Title: A practical approach for quantitative polymerase chain reaction, the gold standard in microbiological diagnosis
Authors: Tímea Mosolygó 1,2, Krisztián Laczi 3, Gabriella Spengler 1,2, and Katalin Burián 1,2
Affiliation: 1 Department of Medical Microbiology, Albert Szent-Györgyi Health Center and Faculty of Medicine, University of Szeged, Hungary 2 MTA-SZTE Microbiology and Health Education Research Group, Hungary 3 Department of Biotechnology, University of Szeged, Szeged, Hungary
Abstract: From gene expression studies to identifying microbes quantitative polymerase chain reaction (qPCR) is widely used in research and medical diagnostics. In transmittable diseases like the Ebola outbreak in West Africa (2014-2016), or the present SARS-CoV2 pandemic qPCR plays a key role in the detection of infected patients. Although the technique itself is decades old with reliable approaches (eg.
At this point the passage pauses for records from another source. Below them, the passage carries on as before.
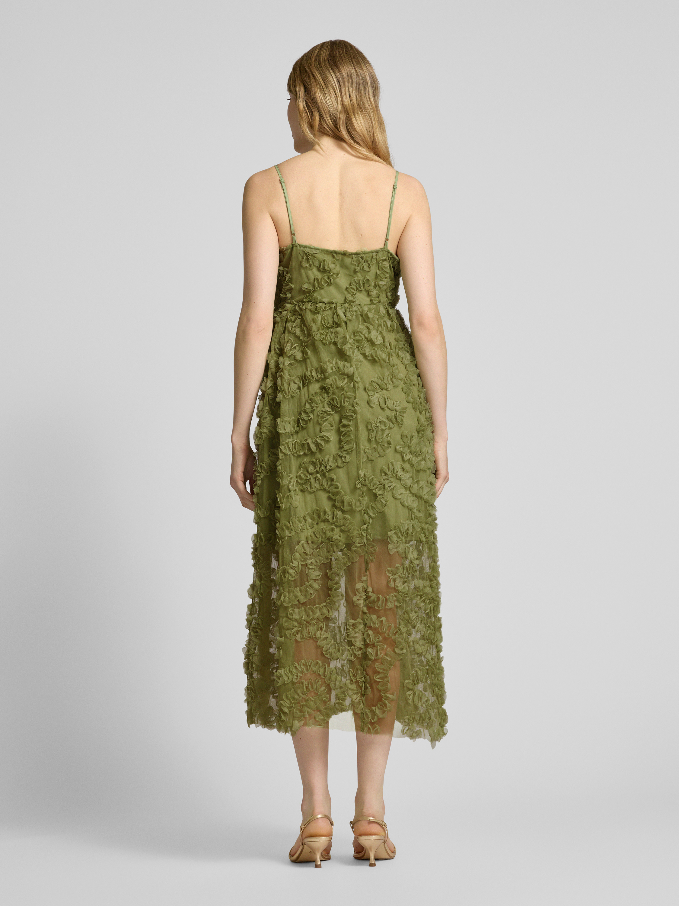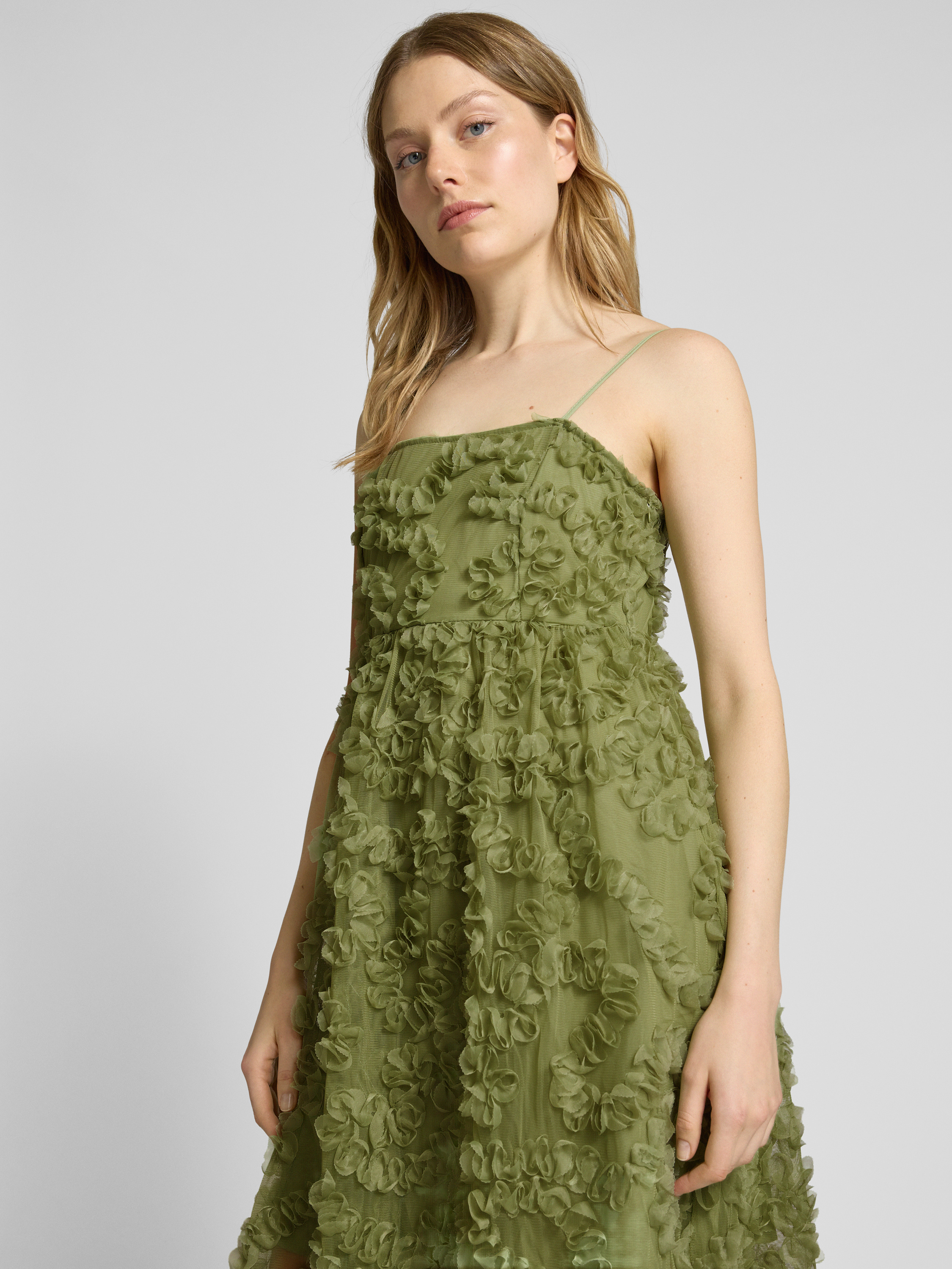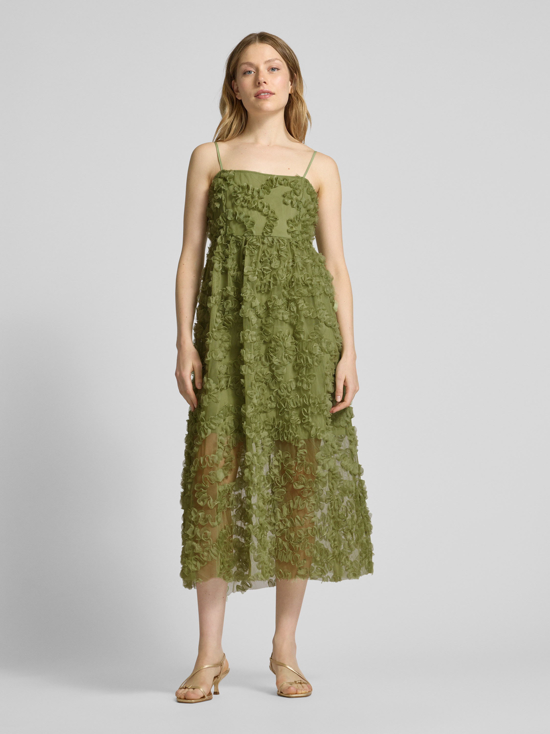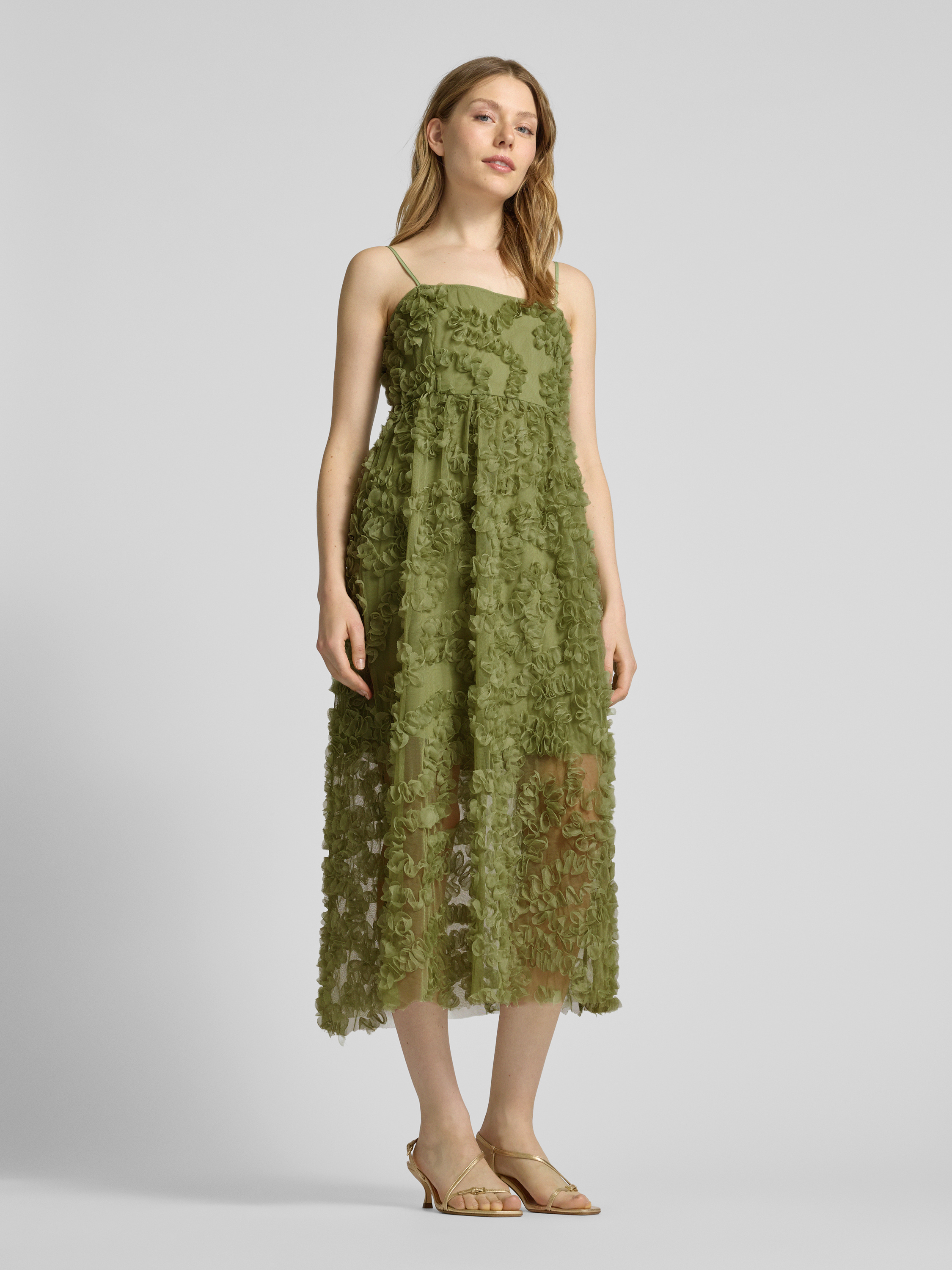 Knielange jurk met structuurmotief, model 'LEONORA' in rietgroen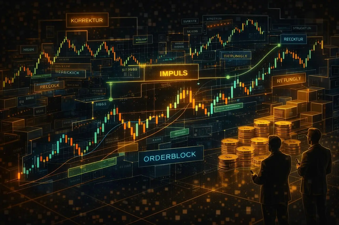 Hier lernst du die Struktur des Marktes im Detail kennen. Wir zerlegen den Markt in seine Bausteine und nutzen das I-R-K-O-I-Modell. So verstehst du, wie jeder Abschnitt des Marktes funktioniert – vom kleinsten Schenkel bis zur übergeordneten Struktur.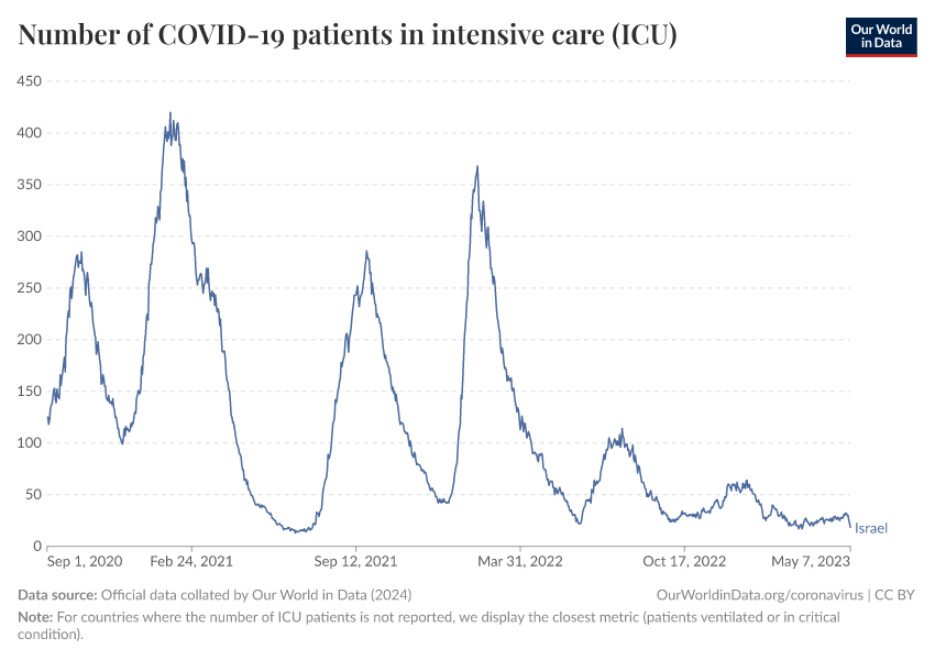 “Data Page: Number of COVID-19 patients in intensive care (ICU)”, part of the following publication: Edouard Mathieu, Hannah Ritchie, Lucas Rodés-Guirao, Cameron Appel, Daniel Gavrilov, Charlie Giattino, Joe Hasell, Bobbie Macdonald, Saloni Dattani, Diana Beltekian, Esteban Ortiz-Ospina, and Max Roser (2020) - “COVID-19 Pandemic”. Data adapted from Official data collated by Our World in Data. Retrieved from https://archive.ourworldindata.org/20250909-093708/grapher/current-covid-patients-icu.html [online resource] (archived on September 9, 2025).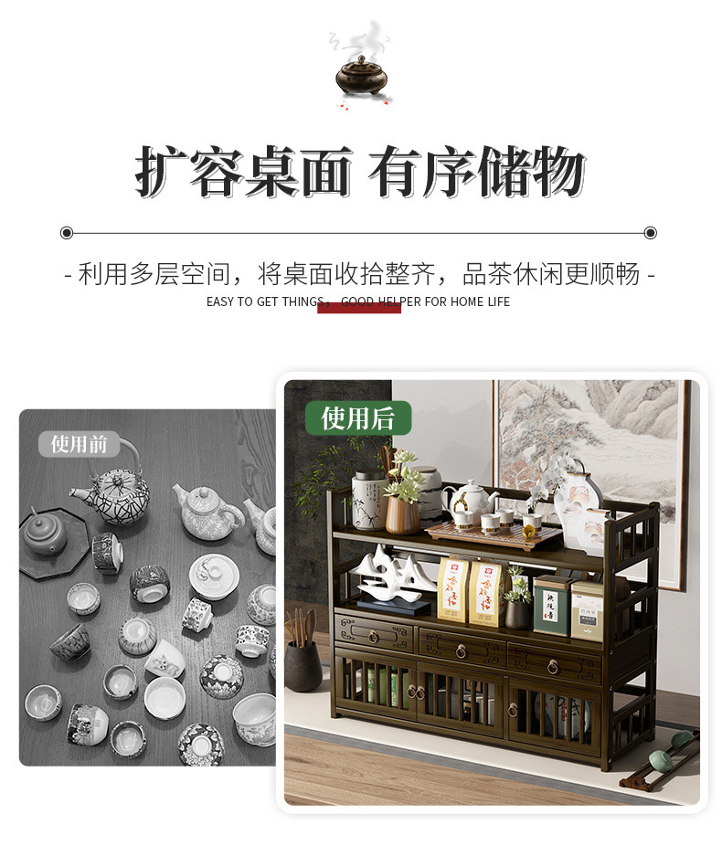 데스크탑 작은 Bogu 랙 티 컵 랙 주전자 디스플레이 랙 솔리드 우드 듀오 바오 파빌리온 티 랙 티 세트 장식품 스토리지 랙스토어 가기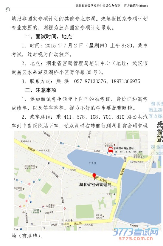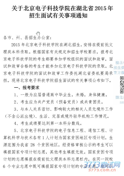 [组图]北京电子科技学院2015年湖北招生面试有关事项通知
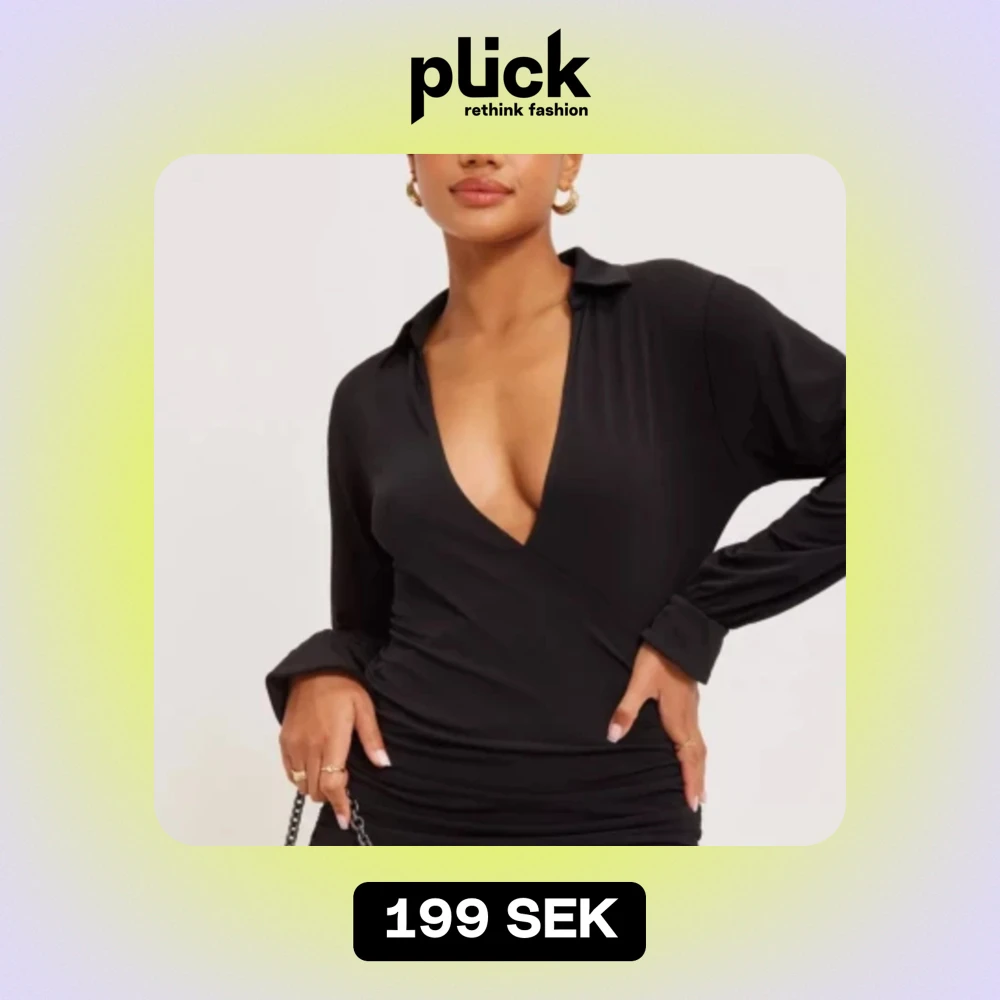 Aldrig använd Klänning från NLY i storlek Small. Slutsåld överallt Stretchigt material i trikå Omlottdesign Kort modell Nypris 399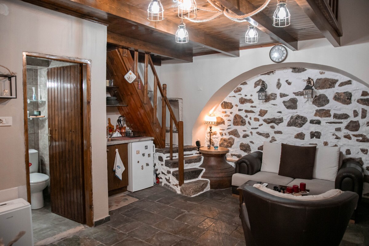 Réaménagement d'une maison byzantine en 2022 sous la supervision archéologique avec des produits de construction originaux et absolument aucun changement à la structure de la maison qui fait partie d'un château construit il y a environ 950ans. Chambre principale avec un lit Queen Size et un lit double sur une structure en bois surélevée qui a été reconstruite à la scène originale et peut accueillir 2 adultes/enfants supplémentaires. L'autre chambre est également la salle de télévision avec un matelas queen size pour 2 personnes supplémentaires. La maison est très unique et originale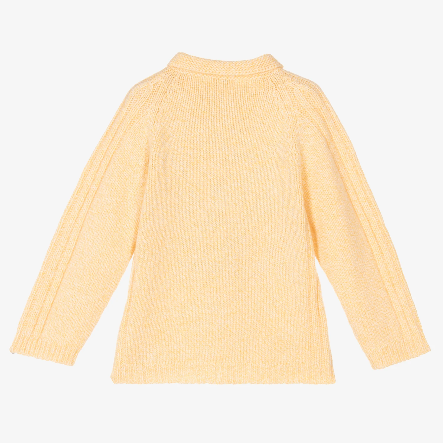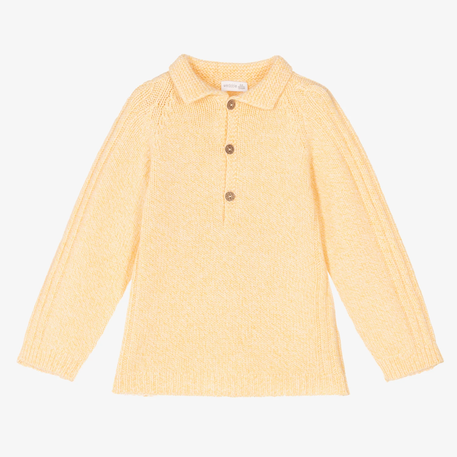 Beautifully soft and cosy for boys and girls, a yellow knitted jumper from Wedoble. Made from a luxurious wool and cashmere blend, this classic casual style has a knitted collar and branded coconut button fastenings on the front. It has a smart ribbed pattern on the sides and along the sleeves.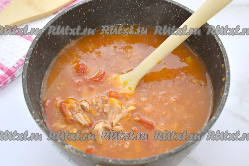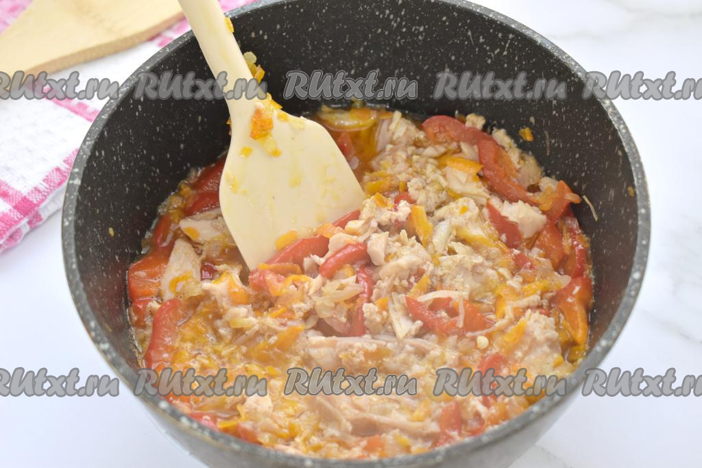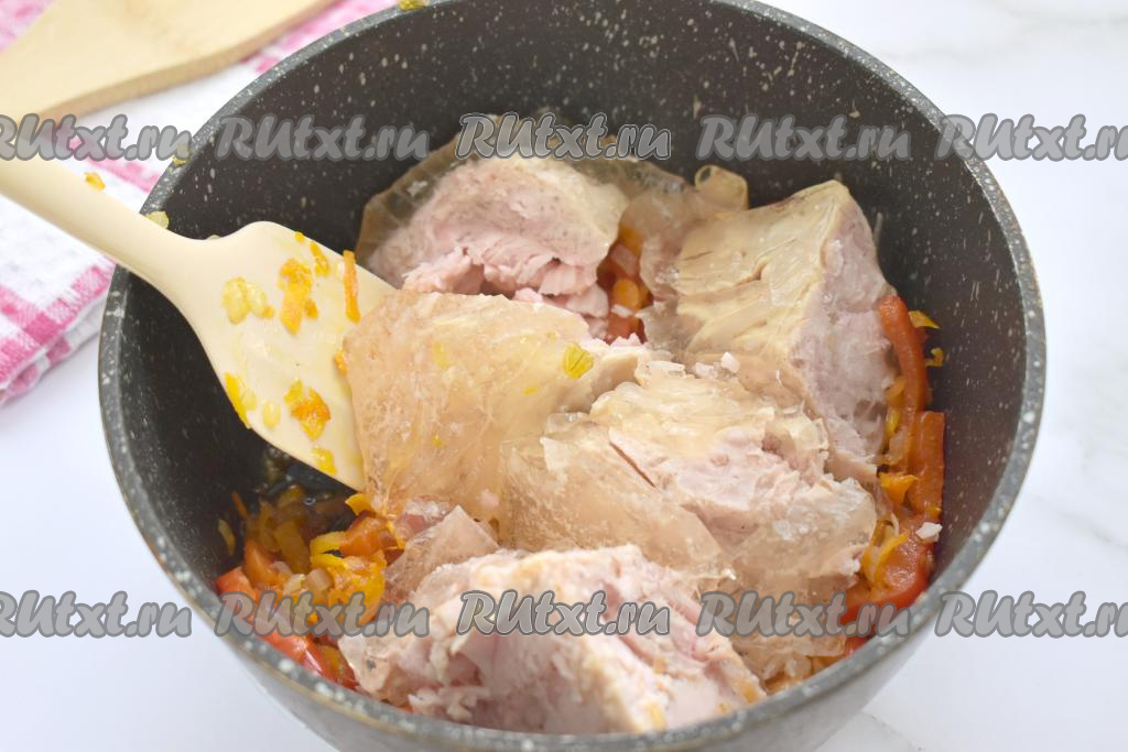 Теперь добавляем к овощам тушёнку, предварительно убрав жир (я взяла тушёнку из индейки).

TaqMan essay) in the diagnosis of pathogens many people showed distrust in it during the SARS-CoV2 outbreak. This came mainly from not understanding or misunderstanding the principles of qPCR. This situation motivated us to design a simple laboratory practical class, in which students have opportunities to understand the underlying principles of qPCR and its advantages in microbiological diagnosis. Moreover, during the exercise, they can develop skills such as handling experimental assays, and the ability to solve problems, discuss their observations. Finally, this activity brings them closer to the clinical practice and they can see the impact of the science on real life. The class is addressed to undergraduate students of biological sciences.